VCF to TileDB Import Usage - GenomicsDB/GenomicsSampleAPIs GitHub Wiki

The VCF import process sorts, indexes, and compresses input VCFs, registers the appropriate items with MetaDB, produces the required configs for proper loading into TileDB, and (optionally) uses these configs to load the CSV into a specified TileDB array. A user can choose to either:

  1. Perform a complete create and load process using vcf2tile.py to populate metadb, generate the required configs, and load Genomics DB.
  2. Use vcf2tile.py to populate metadb and generate the required configs, but load Genomics DB using Genomics DB commands - see Loading Genomics DB section for details.

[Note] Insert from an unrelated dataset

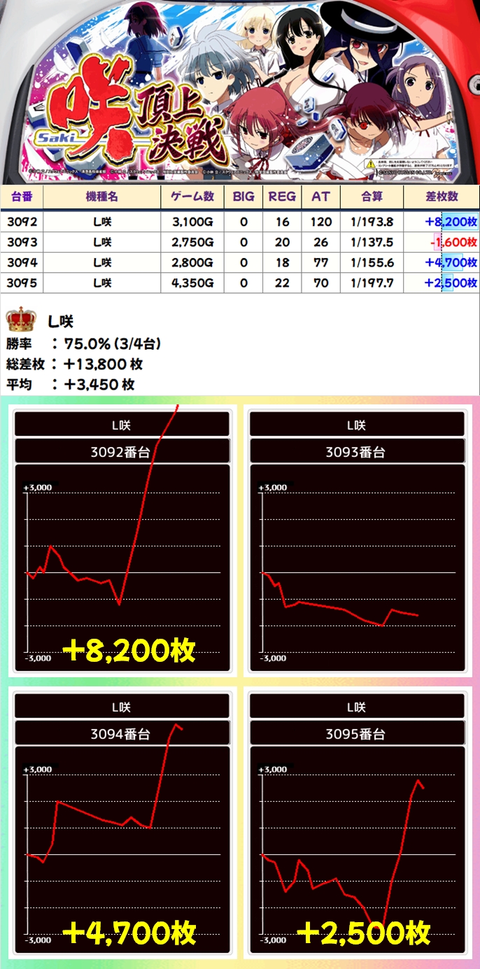 【1/2系濃厚】L咲(3/4台+)→平均+3,450枚

General Requirements for VCF Import

  1. Create a TileDB Workspace if one doesn't already exist. Note that there can be multiple arrays in a given Workspace. Assuming GenomicsDB/bin is in your path (export PATH=/path/to/GenomicsDB/bin:$PATH) run: create_tiledb_workspace /path/to/desired/Workspace. The workspace cannot already exist.
  2. Edit utils/example_configs/load_to_tile.cfg to reflect the correct paths, as well as optional preferred settings.
  3. Edit the tile loader json (as identified in load_to_tile.cfg) to specify the workspace and array name, as well as any desired optional settings. See GenomicsDB documetation for more information on these fields.
  4. Specify a vcf config file as seen in the example, ie. store/utils/example_configs/vcf_import.config. More information here.
  5. Make sure the workspace and array names are consist across all config files.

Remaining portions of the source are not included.